Entries shown:
········

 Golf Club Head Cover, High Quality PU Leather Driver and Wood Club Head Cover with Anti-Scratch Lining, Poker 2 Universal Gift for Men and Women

········

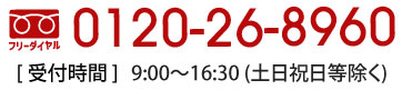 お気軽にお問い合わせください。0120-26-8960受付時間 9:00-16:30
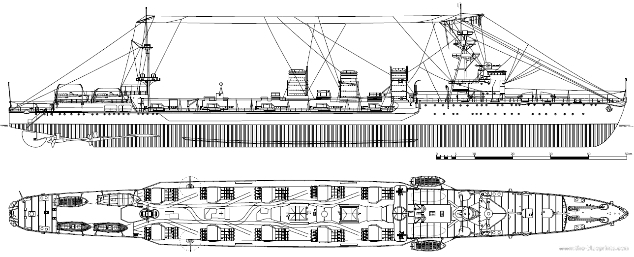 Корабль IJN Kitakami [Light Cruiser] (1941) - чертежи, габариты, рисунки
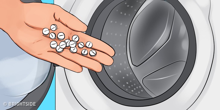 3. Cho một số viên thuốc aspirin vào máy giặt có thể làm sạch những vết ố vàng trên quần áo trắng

········

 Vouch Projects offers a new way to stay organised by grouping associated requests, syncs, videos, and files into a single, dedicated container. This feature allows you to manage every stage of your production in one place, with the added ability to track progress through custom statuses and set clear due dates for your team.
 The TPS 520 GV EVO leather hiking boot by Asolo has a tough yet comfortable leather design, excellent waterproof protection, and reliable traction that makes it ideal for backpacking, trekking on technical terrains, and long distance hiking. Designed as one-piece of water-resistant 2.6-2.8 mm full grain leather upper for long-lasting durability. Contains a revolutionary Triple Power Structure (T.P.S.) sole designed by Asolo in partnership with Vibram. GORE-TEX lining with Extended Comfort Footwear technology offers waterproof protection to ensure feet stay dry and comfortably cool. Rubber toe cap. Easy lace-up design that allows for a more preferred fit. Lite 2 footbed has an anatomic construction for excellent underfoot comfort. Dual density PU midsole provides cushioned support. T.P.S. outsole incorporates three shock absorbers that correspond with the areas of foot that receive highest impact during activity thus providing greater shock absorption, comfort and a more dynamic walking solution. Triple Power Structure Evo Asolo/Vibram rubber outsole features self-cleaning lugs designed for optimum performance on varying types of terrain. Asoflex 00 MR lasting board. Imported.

········

Work to be completed: Starting at the line that contains "お気軽にお問い合わせください" and ending at the line that contains "3. Cho một số", transcribe the material above exactly, excluding pictures.

Solved exercise:
 お気軽にお問い合わせください。0120-26-8960受付時間 9:00-16:30
 Корабль IJN Kitakami [Light Cruiser] (1941) - чертежи, габариты, рисунки
 3. Cho một số viên thuốc aspirin vào máy giặt có thể làm sạch những vết ố vàng trên quần áo trắng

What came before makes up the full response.